■ Input for this task:
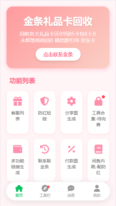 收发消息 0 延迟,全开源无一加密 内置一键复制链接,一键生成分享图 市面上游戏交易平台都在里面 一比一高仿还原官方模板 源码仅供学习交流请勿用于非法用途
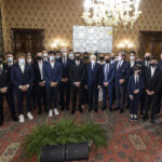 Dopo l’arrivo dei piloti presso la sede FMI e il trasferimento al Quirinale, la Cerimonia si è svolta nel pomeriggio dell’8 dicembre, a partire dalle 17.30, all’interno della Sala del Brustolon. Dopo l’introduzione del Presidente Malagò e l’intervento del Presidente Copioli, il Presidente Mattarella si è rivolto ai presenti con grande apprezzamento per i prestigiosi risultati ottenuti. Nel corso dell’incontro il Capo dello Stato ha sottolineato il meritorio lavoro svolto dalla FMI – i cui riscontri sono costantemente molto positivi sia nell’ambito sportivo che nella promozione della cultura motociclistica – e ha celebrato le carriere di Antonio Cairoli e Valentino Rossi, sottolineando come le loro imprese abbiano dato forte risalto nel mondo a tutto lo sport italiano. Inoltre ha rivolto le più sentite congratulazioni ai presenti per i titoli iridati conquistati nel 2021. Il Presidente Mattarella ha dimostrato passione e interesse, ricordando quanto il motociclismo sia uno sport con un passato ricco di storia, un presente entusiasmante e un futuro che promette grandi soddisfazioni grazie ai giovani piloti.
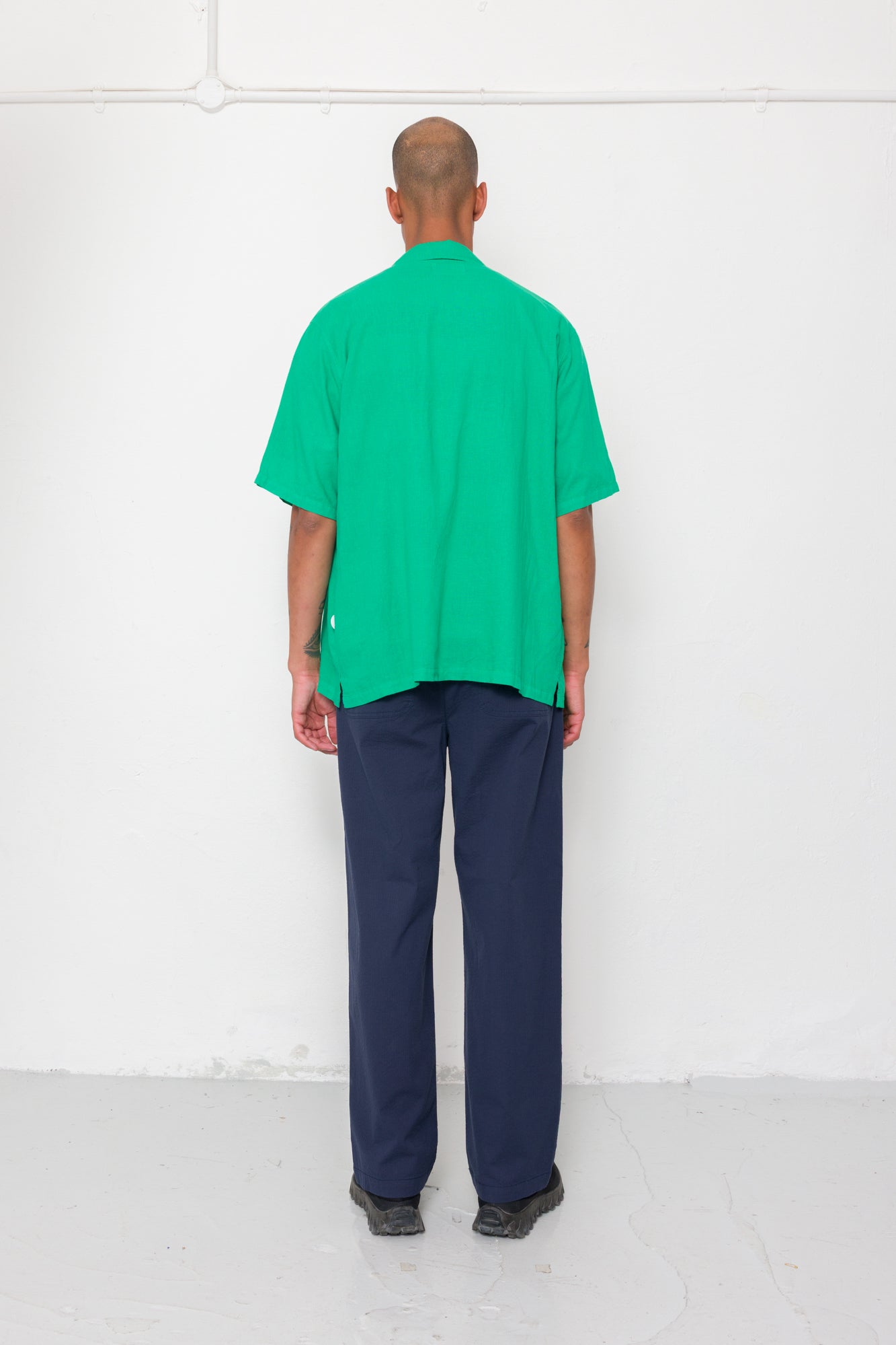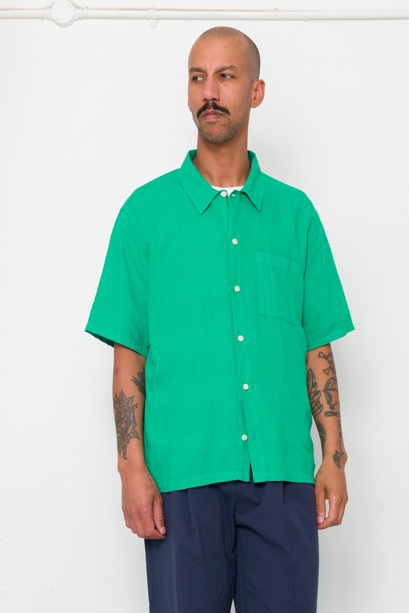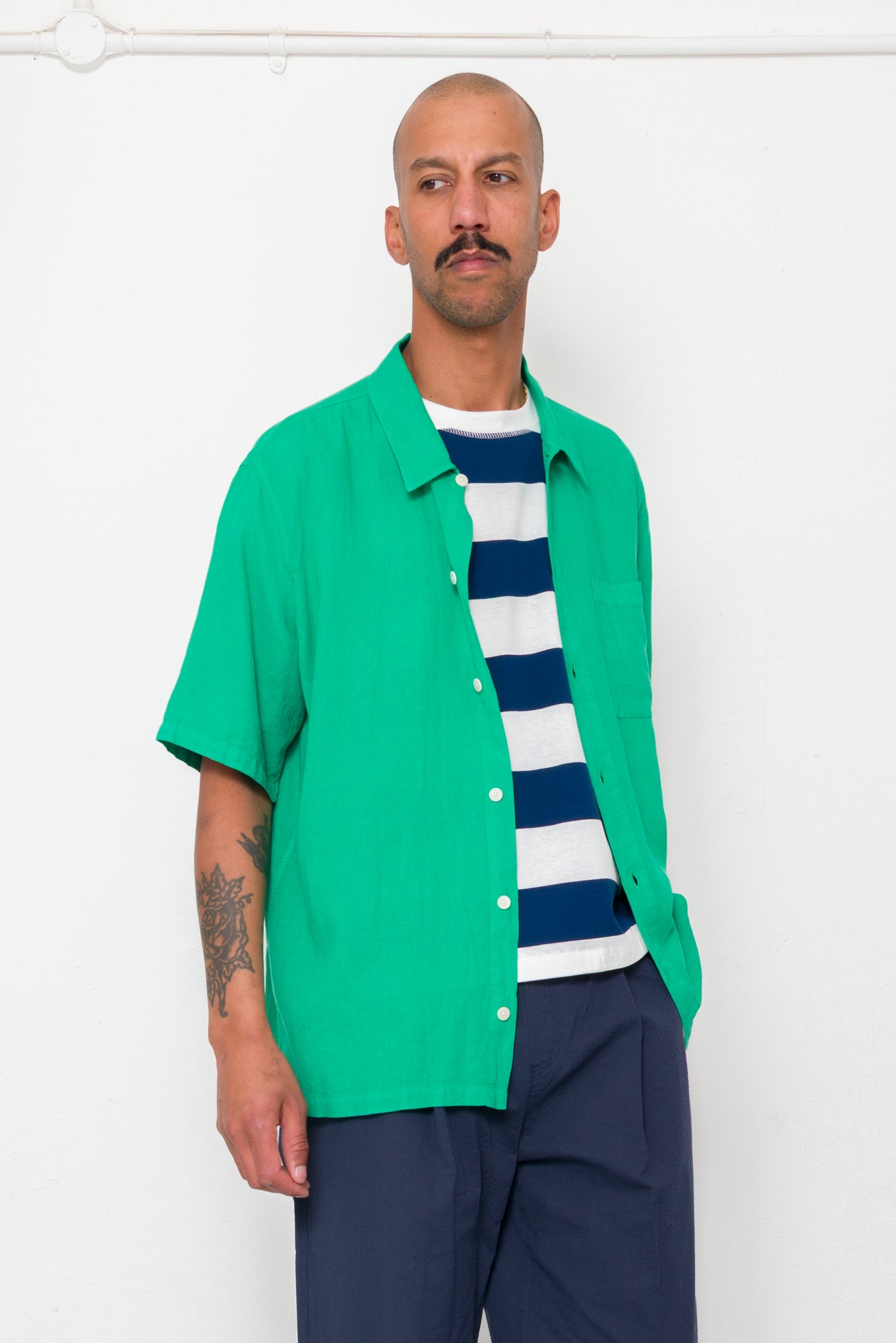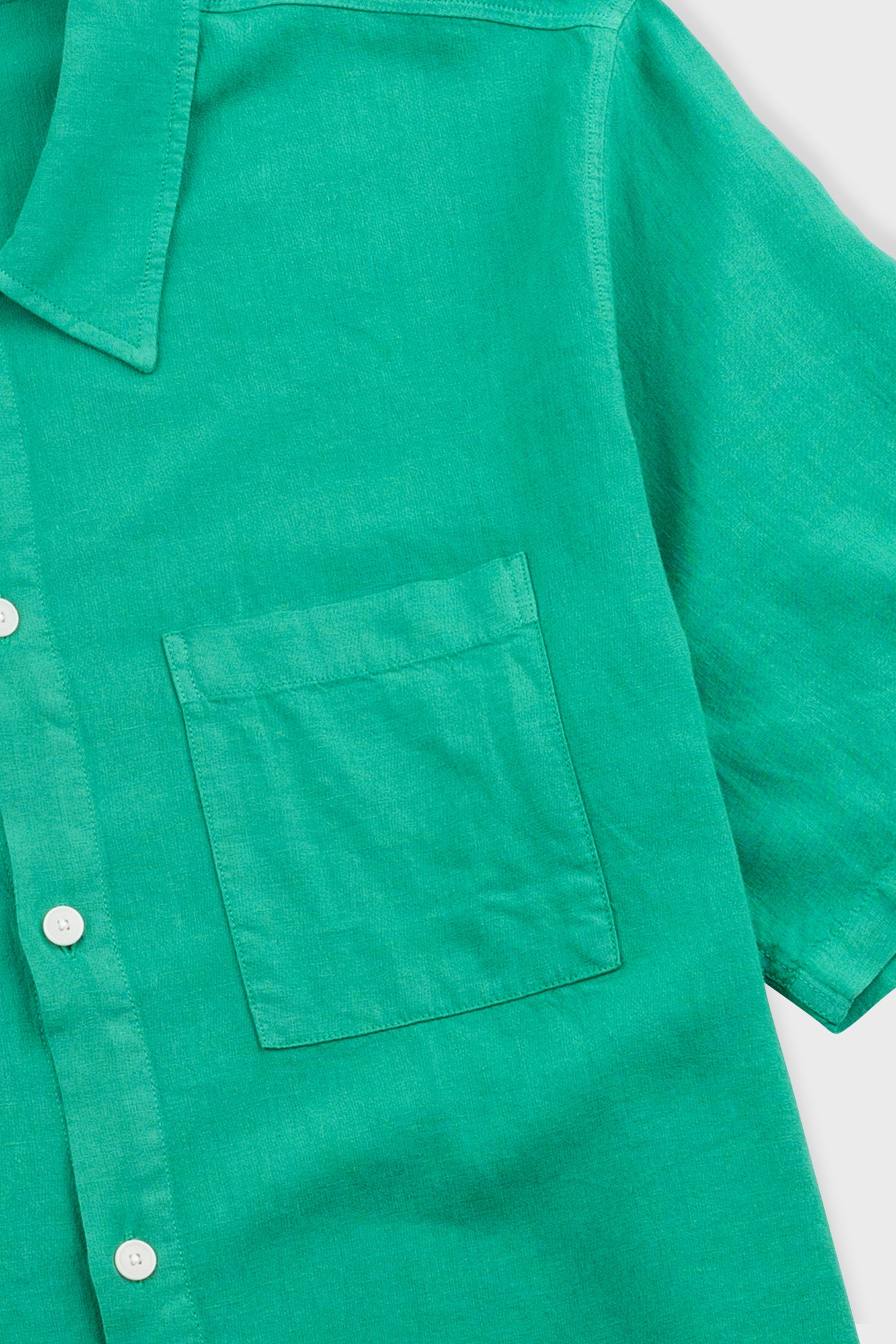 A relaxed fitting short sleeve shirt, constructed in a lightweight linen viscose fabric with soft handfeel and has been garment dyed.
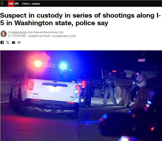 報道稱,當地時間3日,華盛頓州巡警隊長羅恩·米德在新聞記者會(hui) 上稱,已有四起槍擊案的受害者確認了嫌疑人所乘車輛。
* * *
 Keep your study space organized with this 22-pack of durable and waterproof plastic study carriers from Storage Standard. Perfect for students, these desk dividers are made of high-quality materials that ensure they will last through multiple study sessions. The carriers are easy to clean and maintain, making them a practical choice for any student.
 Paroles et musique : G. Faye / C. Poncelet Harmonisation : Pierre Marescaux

■ Problem:
Whatever pictures the records hold, omit them; give again exactly the lines from the one containing "Dopo l’arrivo dei" through the one containing "報道稱,當地時間3日,華盛頓".

■ Problem solution:
 Dopo l’arrivo dei piloti presso la sede FMI e il trasferimento al Quirinale, la Cerimonia si è svolta nel pomeriggio dell’8 dicembre, a partire dalle 17.30, all’interno della Sala del Brustolon. Dopo l’introduzione del Presidente Malagò e l’intervento del Presidente Copioli, il Presidente Mattarella si è rivolto ai presenti con grande apprezzamento per i prestigiosi risultati ottenuti. Nel corso dell’incontro il Capo dello Stato ha sottolineato il meritorio lavoro svolto dalla FMI – i cui riscontri sono costantemente molto positivi sia nell’ambito sportivo che nella promozione della cultura motociclistica – e ha celebrato le carriere di Antonio Cairoli e Valentino Rossi, sottolineando come le loro imprese abbiano dato forte risalto nel mondo a tutto lo sport italiano. Inoltre ha rivolto le più sentite congratulazioni ai presenti per i titoli iridati conquistati nel 2021. Il Presidente Mattarella ha dimostrato passione e interesse, ricordando quanto il motociclismo sia uno sport con un passato ricco di storia, un presente entusiasmante e un futuro che promette grandi soddisfazioni grazie ai giovani piloti.
 A relaxed fitting short sleeve shirt, constructed in a lightweight linen viscose fabric with soft handfeel and has been garment dyed.
 報道稱,當地時間3日,華盛頓州巡警隊長羅恩·米德在新聞記者會(hui) 上稱,已有四起槍擊案的受害者確認了嫌疑人所乘車輛。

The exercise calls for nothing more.